→ Task item
The lines to retype run from the one containing "Укладываем перцы на" through the end of the listing below. Reproduce them exactly, leaving out pictures.

→ Raw data
------------------------------------------------------------------------

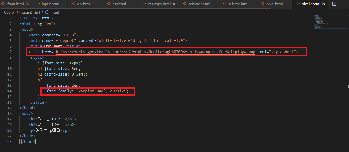 2. 선택한 폰트의 link태그나 import문을 copy한 뒤 html 내에 작성한다.
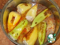 Укладываем перцы на бок, слоями друг на друга. Заливаем водой таким образом, чтоб верхний слой не был полностью покрыт. |
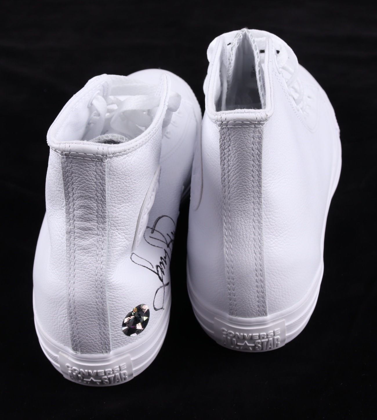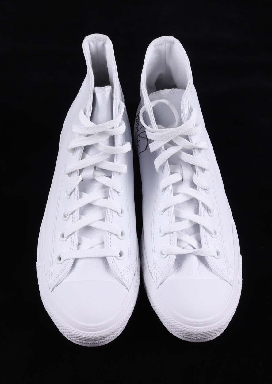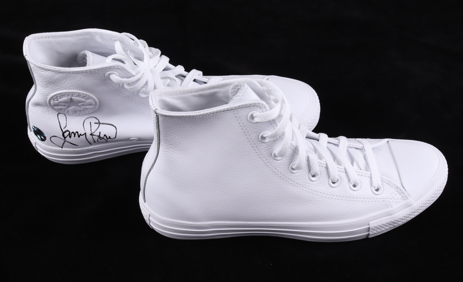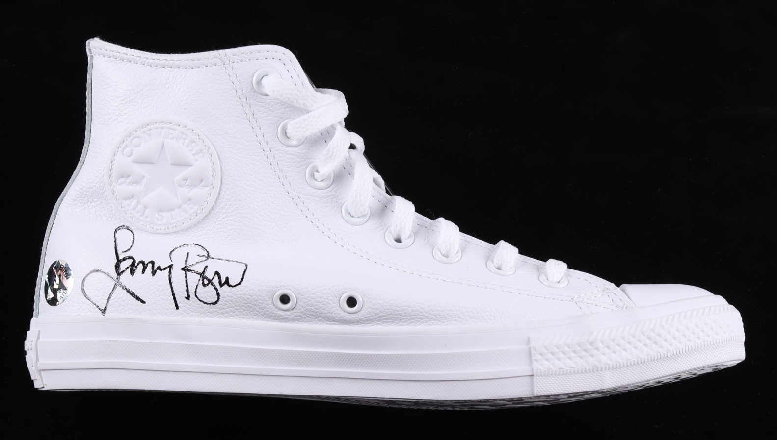 All leather Converse basketball shoe. Hand-signed by Larry Bird (Boston Celtics, HOF). Please note, only the left shoe has been hand-signed.

------------------------------------------------------------------------

→ Reply
 Укладываем перцы на бок, слоями друг на друга. Заливаем водой таким образом, чтоб верхний слой не был полностью покрыт. |
 All leather Converse basketball shoe. Hand-signed by Larry Bird (Boston Celtics, HOF). Please note, only the left shoe has been hand-signed.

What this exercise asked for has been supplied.